The City has a number of municipal buildings and a number of fallout shelters that were build specially to hide municipal workers in case of a nuclear war. Each fallout shelter has a limited capacity in terms of a number of people it can accommodate, and there’s almost no excess capacity in The City’s fallout shelters. Ideally, all workers from a given municipal building shall run to the nearest fallout shelter. However, this will lead to overcrowding of some fallout shelters, while others will be half-empty at the same time.

To address this problem, The City Council has developed a special evacuation plan. Instead of assigning every worker to a fallout shelter individually (which will be a huge amount of information to keep), they allocated fallout shelters to municipal buildings, listing the number of workers from every building that shall use a given fallout shelter, and left the task of individual assignments to the buildings’ management. The plan takes into account a number of workers in every building - all of them are assigned to fallout shelters, and a limited capacity of each fallout shelter - every fallout shelter is assigned to no more workers then it can accommodate, though some fallout shelters may be not used completely.

The City Council claims that their evacuation plan is optimal, in the sense that it minimizes the total time to reach fallout shelters for all workers in The City, which is the sum for all workers of the time to go from the worker’s municipal building to the fallout shelter assigned to this worker.
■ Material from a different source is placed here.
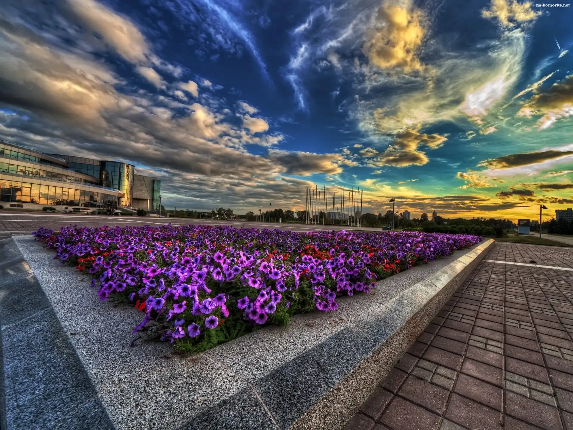Taras, Kwiaty, Surfinie Zachód Słońca, Chmura Chmury Kanada, Chmura, Góry Chmura Niebieski, Bukiet, Surfinia, Wazon, Kwiaty, Różowe Zachód Słońca, Chmura, Morze Niebieskie, Przyroda, Kwiaty, Surfinie, Różowe Kolorowe, Tęcze, Chmurki Grafika 2D Niebieska, Słońce, Surfinia, Promienie Niebo, Drzewa, Zima, Kolorowe Góry, Farmy i pola, Chmura, Krzew Różowe, Niebo, Kwiaty, Chmury Alpy, Chmury, Góry

The City Mayor, well known for his constant confrontation with The City Council, does not buy their claim and hires you as an independent consultant to verify the evacuation plan. Your task is to either ensure that the evacuation plan is indeed optimal, or to prove otherwise by presenting another evacuation plan with the smaller total time to reach fallout shelters, thus clearly exposing The City Council’s incompetence.
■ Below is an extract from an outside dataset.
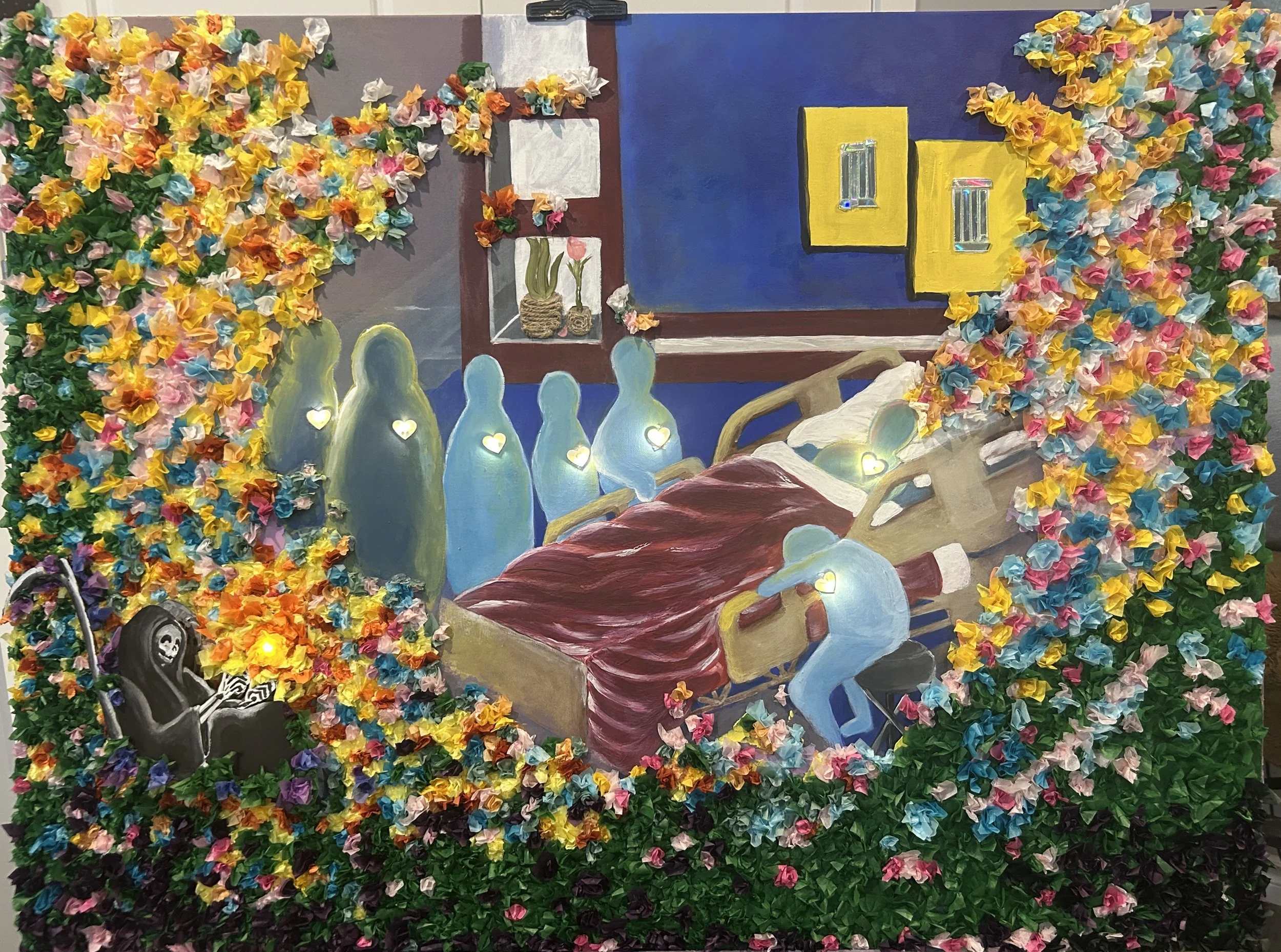 My piece, titled “Chapter One: Until the Last Flower”, is a mixed-media canvas that blends acrylic paint, hundreds of individually folded tissue paper, cardboard, rope, broken CDs, and LED string lights to explore the complex and sacred experience of dying. Created from my reflection of a lived perspective as a former student who completed their internship in both hospice and acute care settings. This piece was shaped by my struggles with chronic illness, clinical training in end-of-life spaces, and wrestling with lost time. This work stands at the intersection of grief, beauty, and bearing witness.

During initial requirements gathering phase of your project, you have found that The City is represented by a rectangular grid. The location of municipal buildings and fallout shelters is specified by two integer numbers and the time to go between municipal building at the location (Xi, Yi) and the fallout shelter at the location (Pj, Qj) is Di,j = |Xi - Pj| + |Yi - Qj| + 1 minutes.


The input consists of The City description and the evacuation plan description. The first line of the input file consists of two numbers N and M separated by a space. N (1 ≤ N ≤ 100) is a number of municipal buildings in The City (all municipal buildings are numbered from 1 to N). M (1 ≤ M ≤ 100) is a number of fallout shelters in The City (all fallout shelters are numbered from 1 to M).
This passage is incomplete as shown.